Découvrir la forêt Fleche breadcrumb La petite histoire des Hautes-Laurentides

La petite histoire des Hautes-Laurentides

La naissance des Hautes-Laurentides
Les premières nations
Les forestiers
Les colons agriculteurs
Aujourd'hui


La naissance des Hautes-Laurentides

Il y a 100 000 ans débutait la dernière des quatre glaciations qui ont façonné le visage du bouclier Laurentien.  Cette période glaciaire a atteint son apogée il y a 20 000 ans, alors que le glacier qui couvrait presque tout le Canada s’étendait au sud jusqu’à l’état du Wisconsin et atteignait jusqu’à  2,5 km d’épaisseur.  Le poids colossal de cette masse de glace a enfoncé la croûte terrestre de 700 mètres.

La fonte graduelle du glacier s’amorce il y a environ 18 000 ans et atteint le plateau Laurentien il y a 11 000 ans.  Une quantité phénoménale d’eau est alors libérée et doit se creuser un chemin sous la glace et à la périphérie du glacier en érodant la roche la plus friable.
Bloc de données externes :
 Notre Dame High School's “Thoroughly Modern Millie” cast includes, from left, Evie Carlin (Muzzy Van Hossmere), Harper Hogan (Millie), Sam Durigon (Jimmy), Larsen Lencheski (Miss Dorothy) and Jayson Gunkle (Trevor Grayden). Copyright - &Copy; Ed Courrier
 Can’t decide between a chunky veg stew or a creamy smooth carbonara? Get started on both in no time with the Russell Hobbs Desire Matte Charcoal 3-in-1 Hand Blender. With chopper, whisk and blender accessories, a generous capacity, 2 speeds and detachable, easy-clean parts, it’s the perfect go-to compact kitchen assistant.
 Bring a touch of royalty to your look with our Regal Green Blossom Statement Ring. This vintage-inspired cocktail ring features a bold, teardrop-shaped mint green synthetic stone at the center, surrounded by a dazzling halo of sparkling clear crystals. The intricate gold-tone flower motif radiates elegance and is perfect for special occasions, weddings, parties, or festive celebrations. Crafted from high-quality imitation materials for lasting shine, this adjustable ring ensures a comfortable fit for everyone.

C’est ainsi que furent creusées les nombreuses vallées qui accueillent nos rivières et composent le paysage que nous connaissons aujourd’hui.

HAUT DE PAGE


La première génération d’humains à coloniser les Hautes-Laurentides

Les Premières Nations

Après la fonte des glaces, la végétation se réinstalle progressivement favorisant la réorganisation des communautés animales, ce qui permettra la survie des humains. Des recherches archéologiques réalisées dans la région révèlent que des groupes primitifs occupaient le territoire il y a de cela au moins 4 000 ans. Les fouilles ont mis au jour divers outils et armes dont des pointes de lances taillées dans le quartz et pointes de flèches en silex ainsi que des fragments de poteries finement décorées.
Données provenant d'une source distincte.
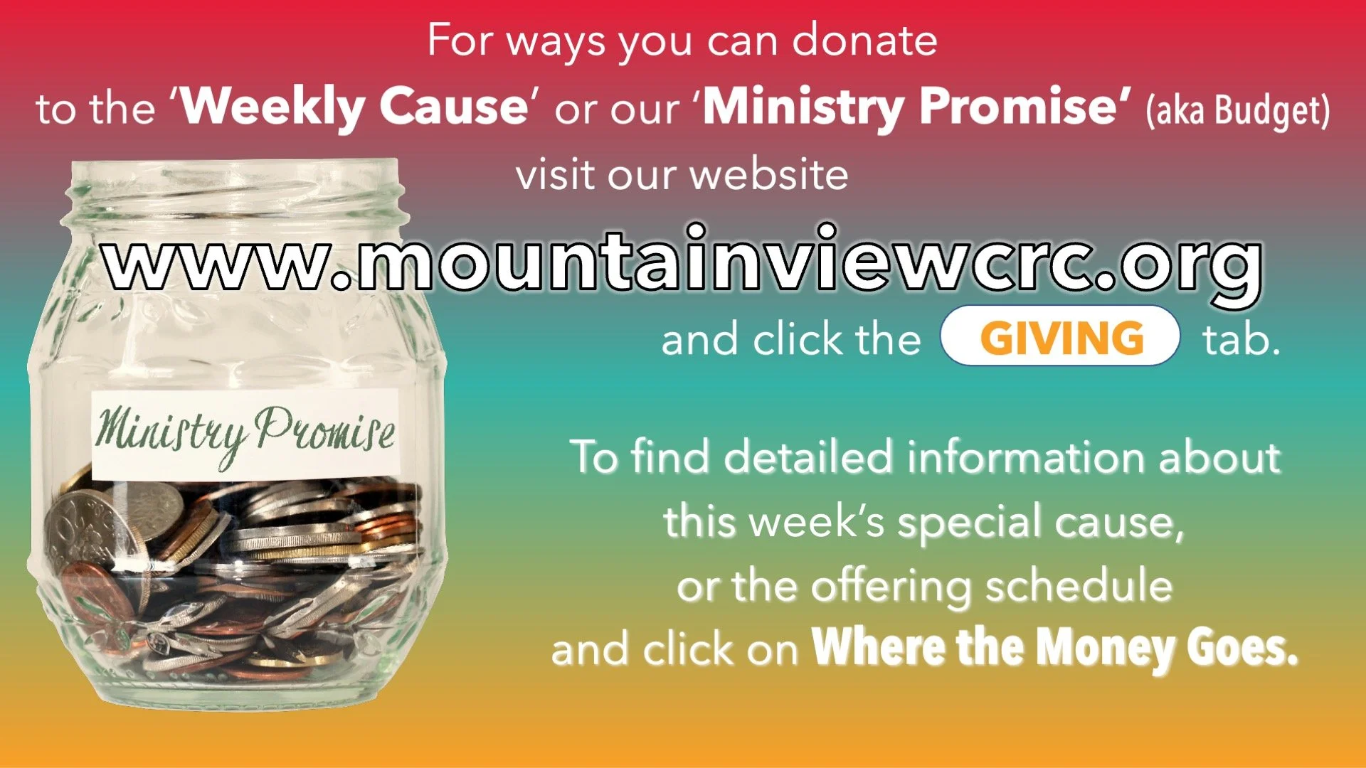 Sunday’s offerings are for our Ministry Promise (a.k.a. Budget) AND for...

Ces hommes et ces femmes, que les archéologues appellent les Bouclériens, ont remonté le fleuve Saint-Laurent et le Plateau Laurentien par les nombreux lacs et cours d’eau afin d’y trouver leur subsistance. Selon les saisons, ils cueillent les fruits sauvages, pêchent le poisson et chassent les orignaux, caribous et wapitis pour s’en nourrir et se confectionner outils, vêtements et abris à partir de leur fourrure, leurs os et leurs bois.  On voyage sur l’eau à l’aide de canots faits de bois de cèdre et d’écorce de bouleau. Les Bouclériens transmettront leurs coutumes et savoir-faire à leur descendance, les Anish-nah-be, qui signifie « les vrais hommes » qu’on nommera plus tard les Algonquins.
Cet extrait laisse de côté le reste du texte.